# Fall preps



## lharder (Mar 21, 2015)

Had a busy yet enjoyable bee day today. Dismantled 2 of my 2 queen systems at home today. Took 3 of my hives to one of my out yards. Went smooth on a cool cloudy day. They were heavy and it took lots of effort to move them up the ramp into the truck. One more full sized hive to take out to the country, one more nuc to the nuc yard. I kept my oldest queen at home. Got her in the spring of 2014 as a swarm queen cell from a local keep. Her hive is full of bees, and full of honey. My outyard is in a flow. The inside of the inner covers are wet with moisture from nectar being concentrated. At home they are dry but they have lots of honey

Recently I've filled all the nucs at the nuc yard with extracted comb. Just in time for a fall flow that is beginning. We have had rain and now good weather ahead. The rabbit brush is starting to bloom and I see some alfalfa and knapweed blooming. I suspect I may not have to feed these nucs at all. They won't make a dent in the forage. 

Compressed my home hives to wintering size. Not much nectar coming in as of yet this fall. Am feeding the nucs at home with fatbeeman style feeders. They are almost at winter weight already. Took off some honey, but am going to hold it for a while in case somebody needs it. 

Just have a few hives to compress to wintering size at an outyard. Nectar is coming in. Dare I say I might be ahead of the game?


----------



## Nordak (Jun 17, 2016)

Sounds great. That's a good position to be in, and it sounds like you are well on your way. I am doing a thorough evaluation tomorrow to see what winter may look like. I have a couple of hives with questionable stores, but the flow appears to have really kicked in and brooding increased as a result. A hive that appeared to have had some serious spotty brood by way of hygienic behavior has shown great improvement, and my guess is they may have turned the corner in regard to mite numbers. I feel good about it over all, but tomorrow will give a clearer picture.


----------



## lharder (Mar 21, 2015)

So hives are all in their winter configuration. Moving bees is finished. Fed out partial combs with some nectar pollen at one my sites yesterday. Bee pandemonium. There was a bear in a crabapple tree near the landowner's house. We harassed it with some bear spray and some bear bangers until it took off. It was a bit like being a kid again. Calculating escape routes if things took a bad turn. Have to say we got a whiff of our own bad medicine as that bear spray wafted over us. We were all teary eyed and coughing including the old rottweiller. 

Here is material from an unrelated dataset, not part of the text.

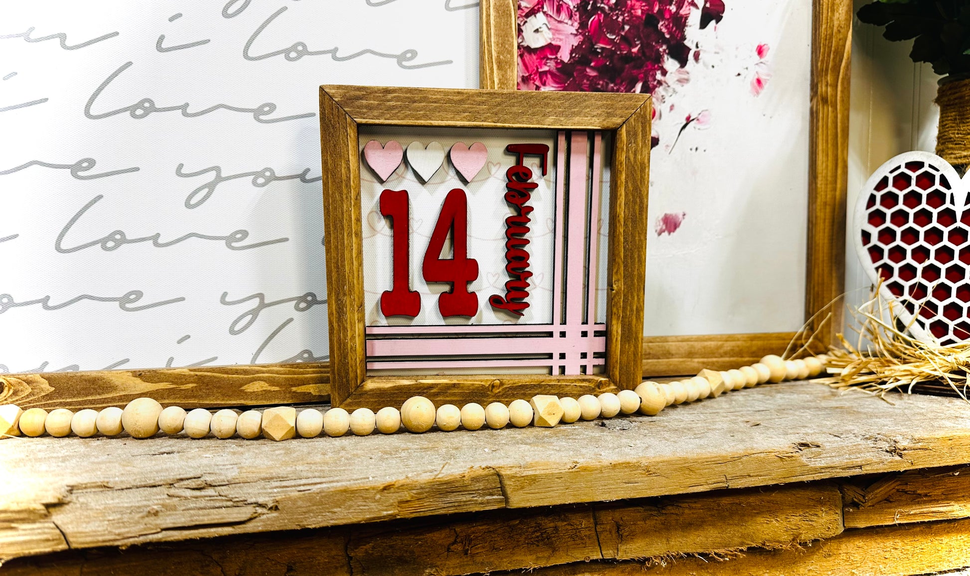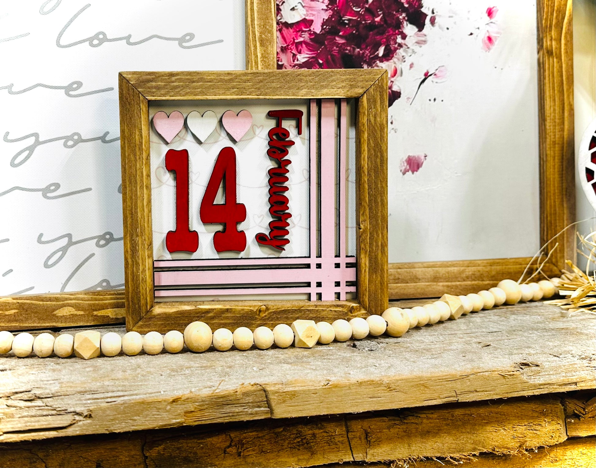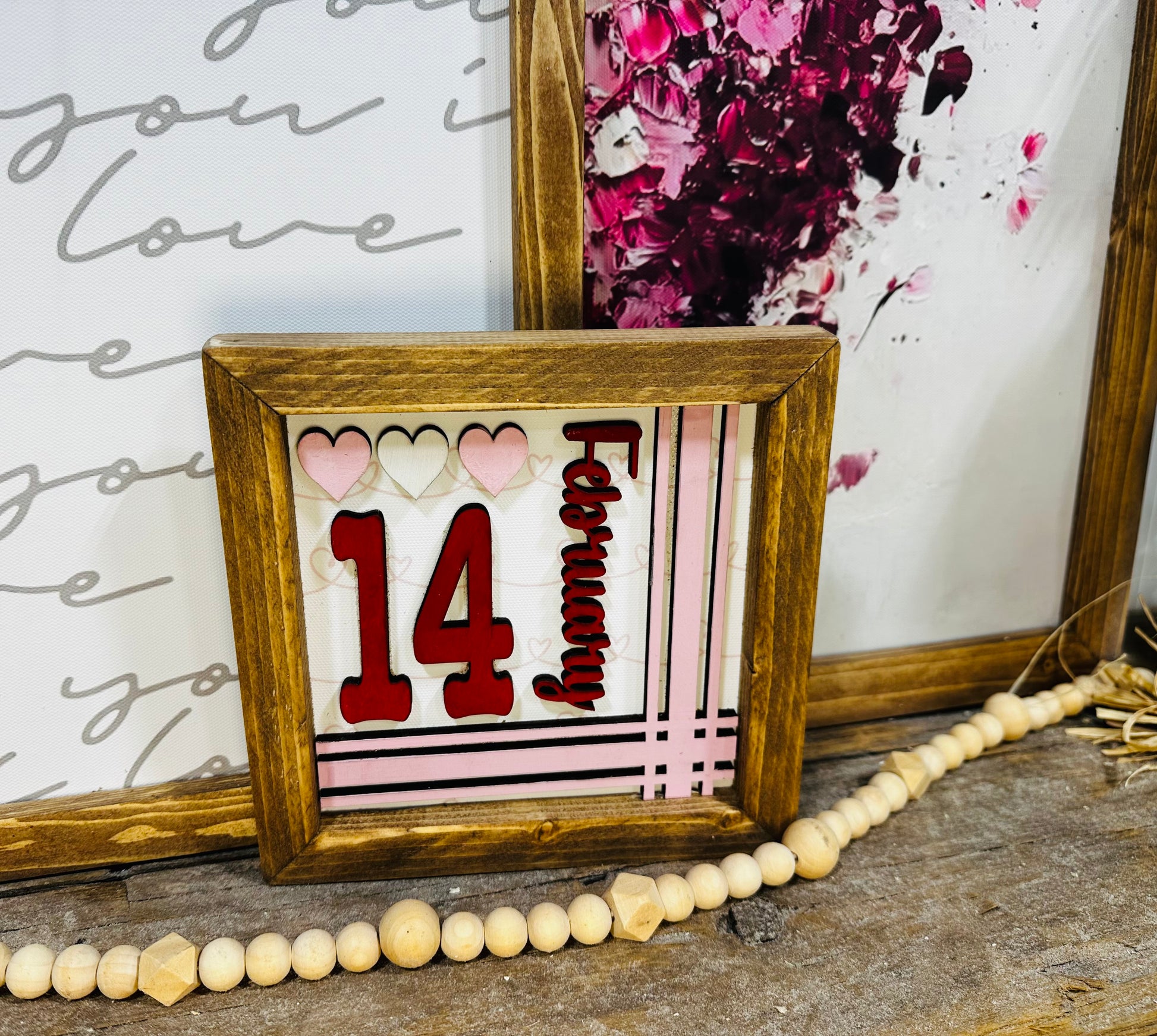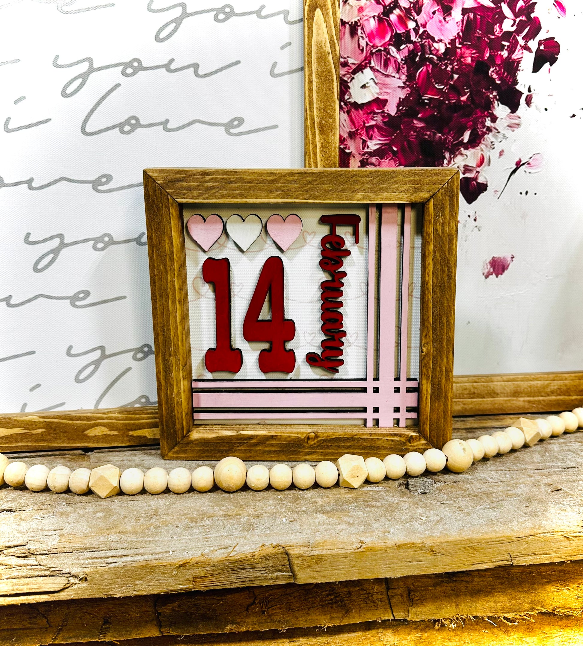 Hand painted February 14 wood framed Valentines sign

Then I checked the electric fence, fresh battery, nothing leaning on it to short it out, used the tester to show full strength zappage. Bears have been reported at my other location as well. Had a dream that I put my hives on a rocky shoreline with big waves crashing in. Hmmm...


----------



## Nordak (Jun 17, 2016)

I'm no expert on dream interpretation, but I think the bear had something to do with it.  That's one problem I don't have here. Sounded like quite the adventure.


----------



## 1102009 (Jul 31, 2015)

We have no bears except the ones in wildlife park who got my burr comb with drone larvae and liked it. Now they smell honey the whole day through but cannot reach it, being behind a high fence.
So, Iharder, think of this situation while dreaming and you have your revenge! 

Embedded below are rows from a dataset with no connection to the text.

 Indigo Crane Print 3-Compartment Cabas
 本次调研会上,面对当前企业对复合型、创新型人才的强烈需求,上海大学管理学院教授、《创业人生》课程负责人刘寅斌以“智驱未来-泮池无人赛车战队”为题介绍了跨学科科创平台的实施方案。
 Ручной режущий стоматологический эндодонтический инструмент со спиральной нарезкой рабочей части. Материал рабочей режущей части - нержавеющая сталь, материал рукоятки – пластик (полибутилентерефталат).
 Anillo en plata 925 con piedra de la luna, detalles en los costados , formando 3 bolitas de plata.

We have no small hive beetle, too.
Well, that might compensate for having no ferals to improve our stock.

Now it`s feeding those which are in need, but we have flow still and I will check the weights on weekend.


----------



## lharder (Mar 21, 2015)

It really was an easy going even tempered bear in spite of the harassment. It just wanted to get away from there by the time we were done.

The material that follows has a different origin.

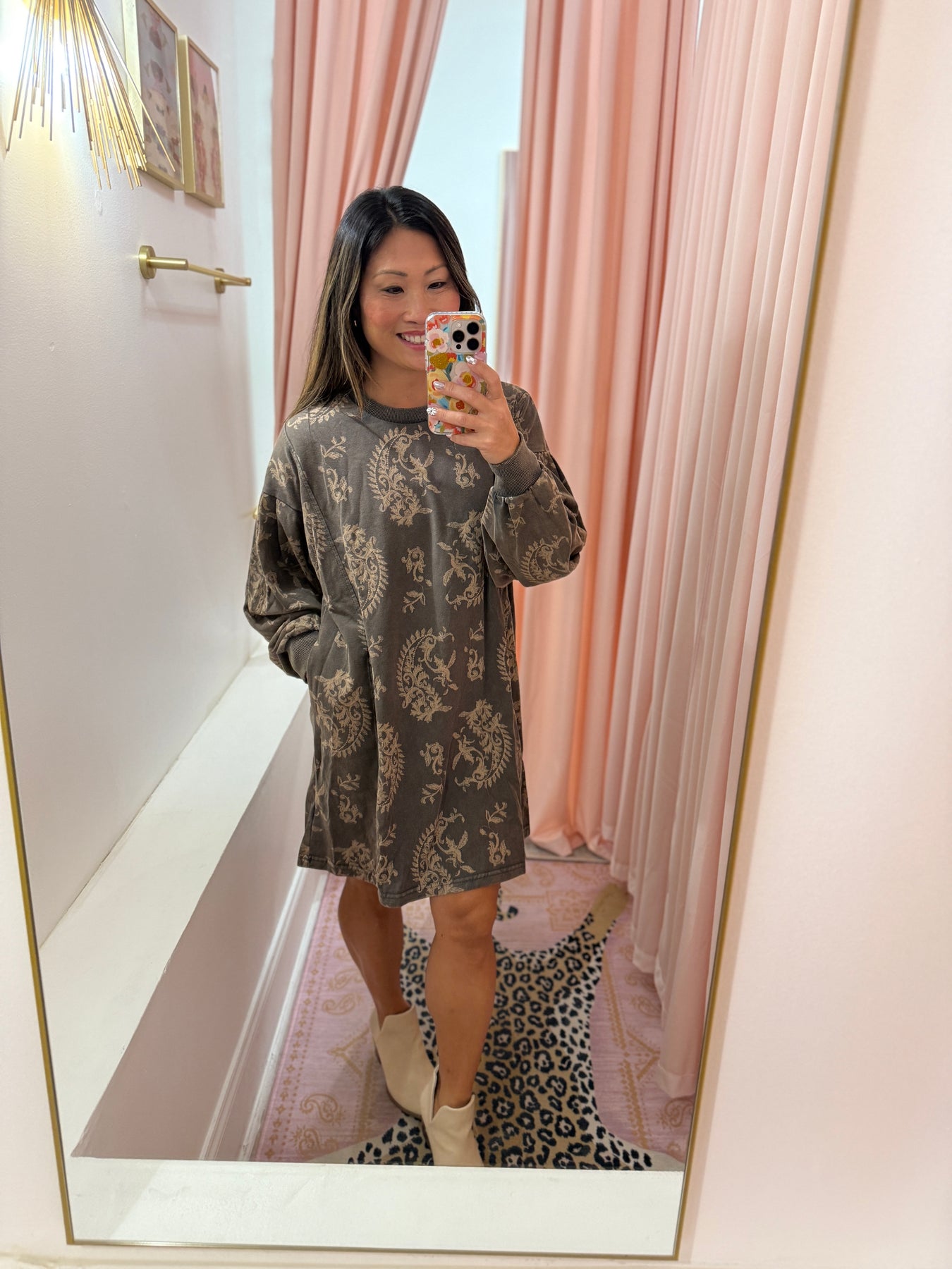 Paisley print french terry sweatshirt dress with long balloon sleeves.

Bears are even an issue here in town. My hives here are not protected by an electric fence so I worry a bit if I'm not around. Which reminds me I should dig out my own bear spray in case I have to intervene. The nice thing is that I have hives on 3 sites. I can take a bear incident compared to the last 2 years.


----------



## 1102009 (Jul 31, 2015)

Take care of yourself then.
Your person is unique.


----------



## emrude (Mar 23, 2015)

Hello,
I am reading through different posts as an attempt to keep my bee longing at bay. Iharder, you said in the 1st post that you fed your nucs with a fatbeeman style feeder. Did you make it? 
I am pretty good at building. I used to be a trim carpenter. I have made three feeders. The first one was a nuc feeder and from what I remember of two summers ago it worked well. Both of the feeders I tried to make this summer didn't work so well. Ants, ground hornets, and bees found their way into my container of sugar water. This, of course, made the bees hot. 
Did you have trouble making them? They seem able to let the bees have access to the syrup. 
I have my bees tucked away of course. So don't think I am trying to feed syrup in December. 

Thanks,
Mary


----------



## lharder (Mar 21, 2015)

Yes they are easy enough to build. But I am reasonably equipped with saws, air staplers, nailers etc. 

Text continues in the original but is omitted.